Stored items
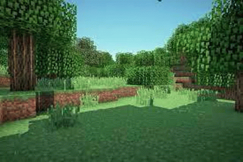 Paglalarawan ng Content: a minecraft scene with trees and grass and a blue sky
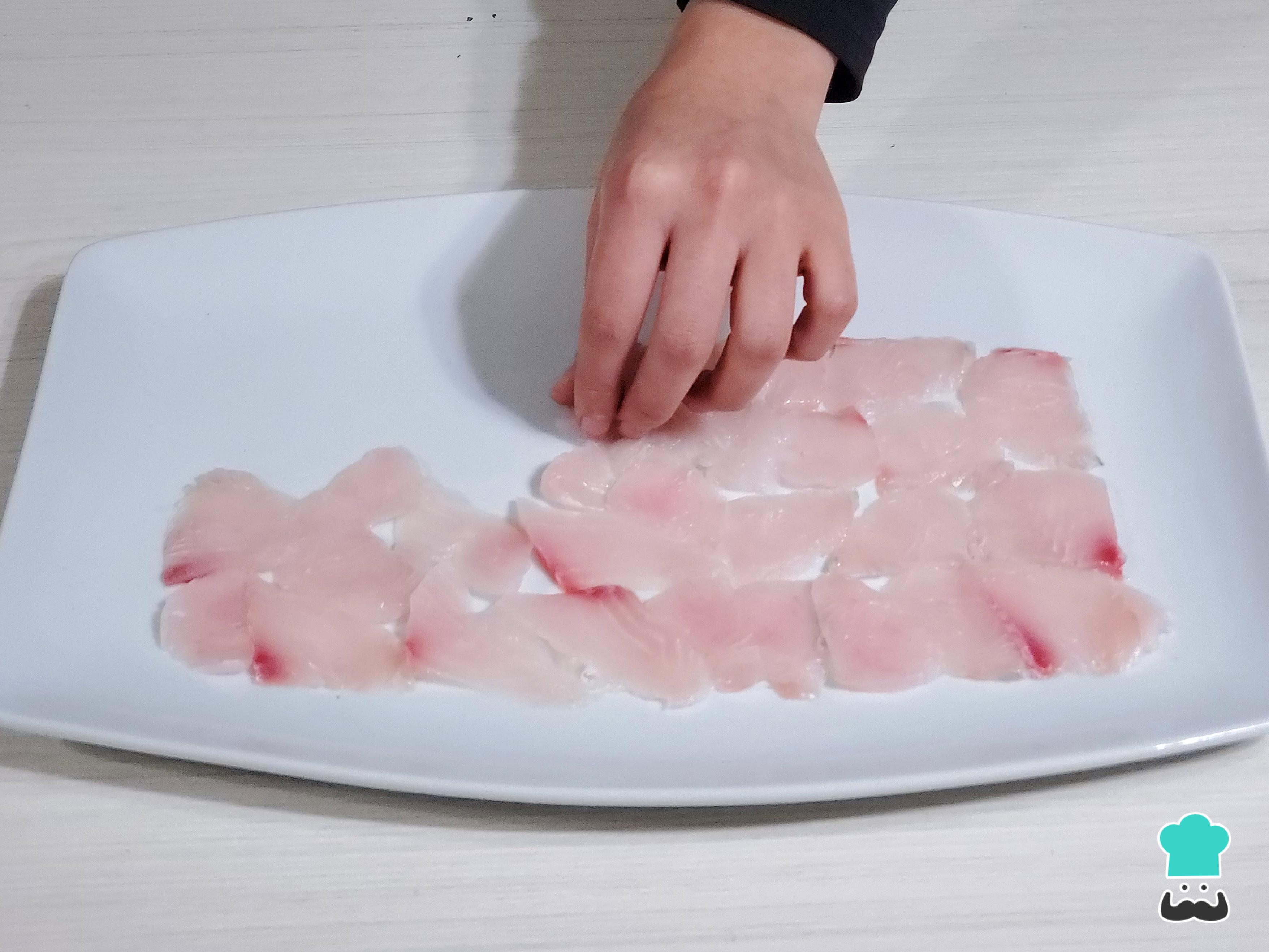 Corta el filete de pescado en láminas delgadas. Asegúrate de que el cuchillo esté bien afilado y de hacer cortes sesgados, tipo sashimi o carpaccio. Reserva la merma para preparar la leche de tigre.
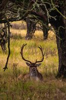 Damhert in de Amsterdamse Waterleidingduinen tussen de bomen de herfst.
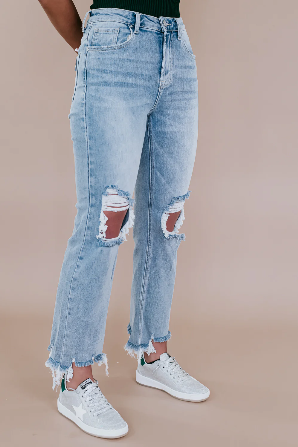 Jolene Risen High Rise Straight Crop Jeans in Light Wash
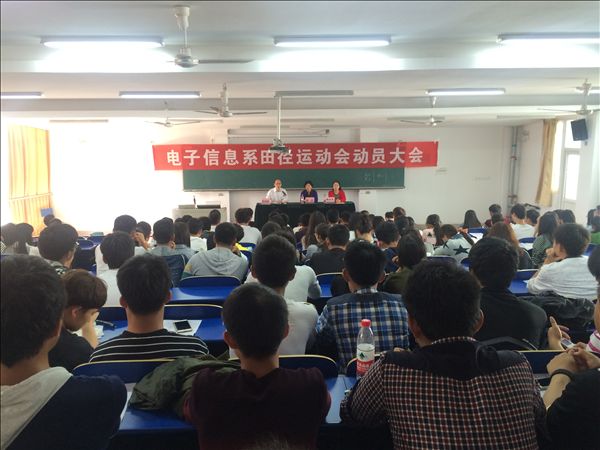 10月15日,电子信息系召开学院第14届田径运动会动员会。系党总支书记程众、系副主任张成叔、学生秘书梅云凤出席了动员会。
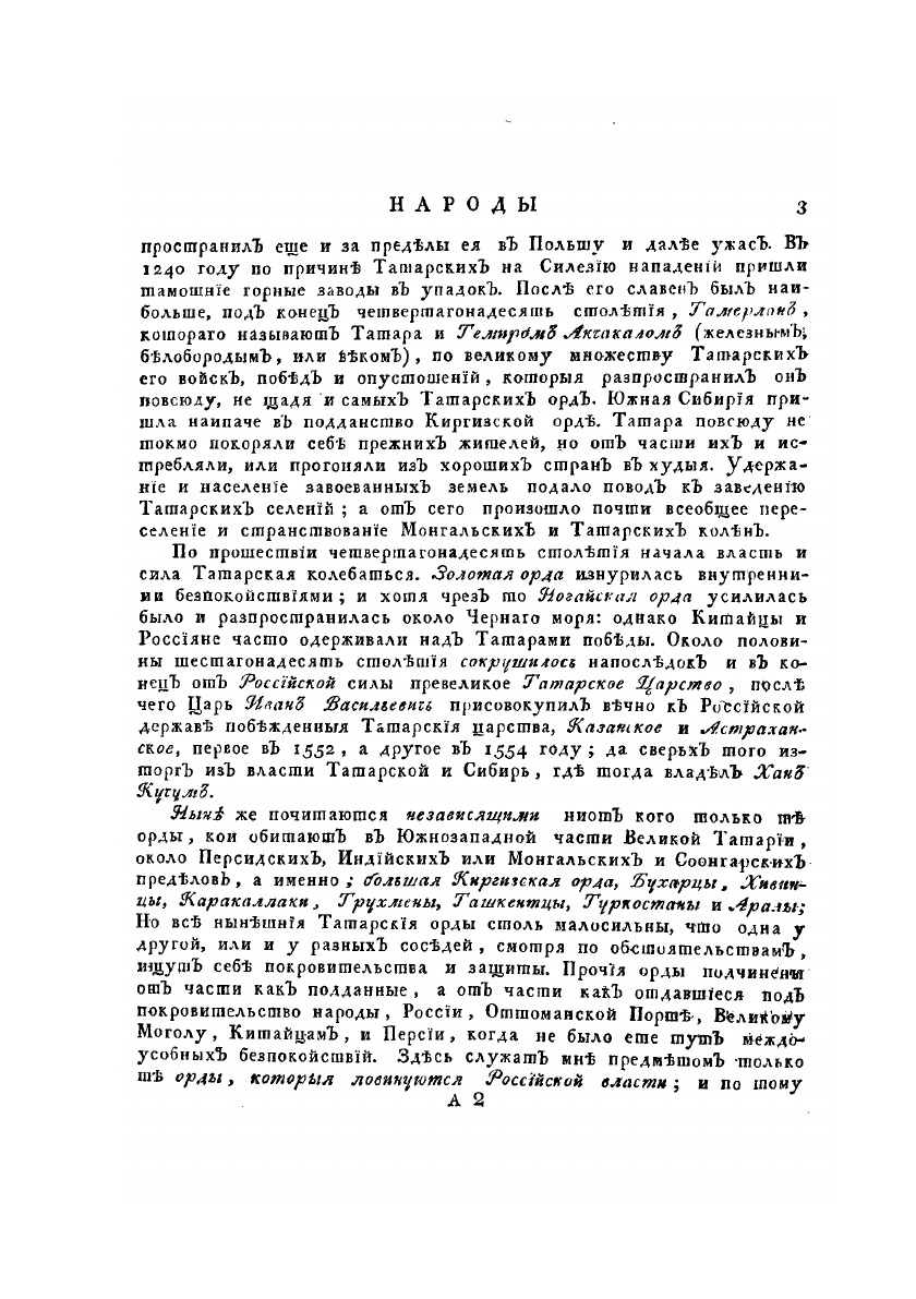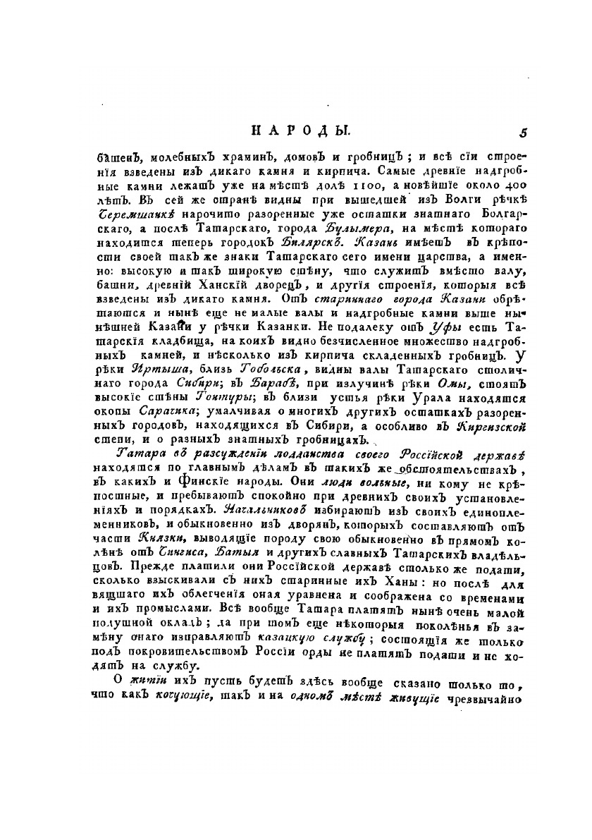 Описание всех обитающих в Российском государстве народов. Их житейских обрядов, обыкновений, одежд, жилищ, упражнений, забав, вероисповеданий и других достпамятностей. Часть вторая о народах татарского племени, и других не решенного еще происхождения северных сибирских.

# Action item
Set down only the lines running from the line with "Jolene Risen High" to the end of the entries, inclusive; omit every picture.

# Response area
 Jolene Risen High Rise Straight Crop Jeans in Light Wash
 10月15日,电子信息系召开学院第14届田径运动会动员会。系党总支书记程众、系副主任张成叔、学生秘书梅云凤出席了动员会。
 Описание всех обитающих в Российском государстве народов. Их житейских обрядов, обыкновений, одежд, жилищ, упражнений, забав, вероисповеданий и других достпамятностей. Часть вторая о народах татарского племени, и других не решенного еще происхождения северных сибирских.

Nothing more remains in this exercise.